Available records:
******

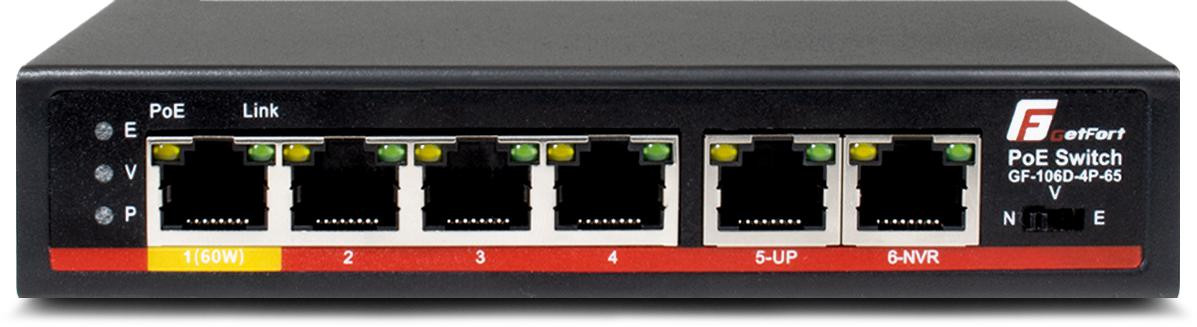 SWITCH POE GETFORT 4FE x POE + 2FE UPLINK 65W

******

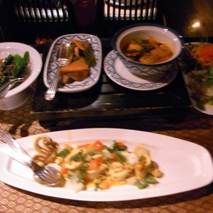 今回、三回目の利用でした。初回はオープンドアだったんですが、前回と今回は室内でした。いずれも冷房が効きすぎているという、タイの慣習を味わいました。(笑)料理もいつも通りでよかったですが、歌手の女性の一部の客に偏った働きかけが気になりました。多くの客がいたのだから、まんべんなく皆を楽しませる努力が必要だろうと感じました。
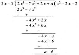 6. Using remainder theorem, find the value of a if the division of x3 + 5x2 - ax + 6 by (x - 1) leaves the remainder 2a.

******

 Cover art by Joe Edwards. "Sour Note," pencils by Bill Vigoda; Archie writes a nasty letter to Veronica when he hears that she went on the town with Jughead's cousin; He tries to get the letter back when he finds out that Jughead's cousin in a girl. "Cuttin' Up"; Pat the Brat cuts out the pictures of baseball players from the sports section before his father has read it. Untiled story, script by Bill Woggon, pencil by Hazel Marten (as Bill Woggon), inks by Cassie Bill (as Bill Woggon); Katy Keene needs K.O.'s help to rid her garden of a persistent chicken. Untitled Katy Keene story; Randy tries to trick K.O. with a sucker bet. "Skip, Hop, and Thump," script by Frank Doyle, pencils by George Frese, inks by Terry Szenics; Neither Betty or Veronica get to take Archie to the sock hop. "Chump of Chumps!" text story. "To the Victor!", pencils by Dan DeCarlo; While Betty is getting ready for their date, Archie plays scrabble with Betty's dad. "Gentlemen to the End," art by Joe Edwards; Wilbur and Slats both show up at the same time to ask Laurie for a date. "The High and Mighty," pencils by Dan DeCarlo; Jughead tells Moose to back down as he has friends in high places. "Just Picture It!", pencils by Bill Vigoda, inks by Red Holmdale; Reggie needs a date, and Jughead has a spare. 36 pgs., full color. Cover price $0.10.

******

Task directions: Among the entries above, take the line with "今回、三回目の利用でした。初", the line with "6. Using remainder", and all the lines between them, and restate them word for word without pictures.

Solution:
 今回、三回目の利用でした。初回はオープンドアだったんですが、前回と今回は室内でした。いずれも冷房が効きすぎているという、タイの慣習を味わいました。(笑)料理もいつも通りでよかったですが、歌手の女性の一部の客に偏った働きかけが気になりました。多くの客がいたのだから、まんべんなく皆を楽しませる努力が必要だろうと感じました。
 6. Using remainder theorem, find the value of a if the division of x3 + 5x2 - ax + 6 by (x - 1) leaves the remainder 2a.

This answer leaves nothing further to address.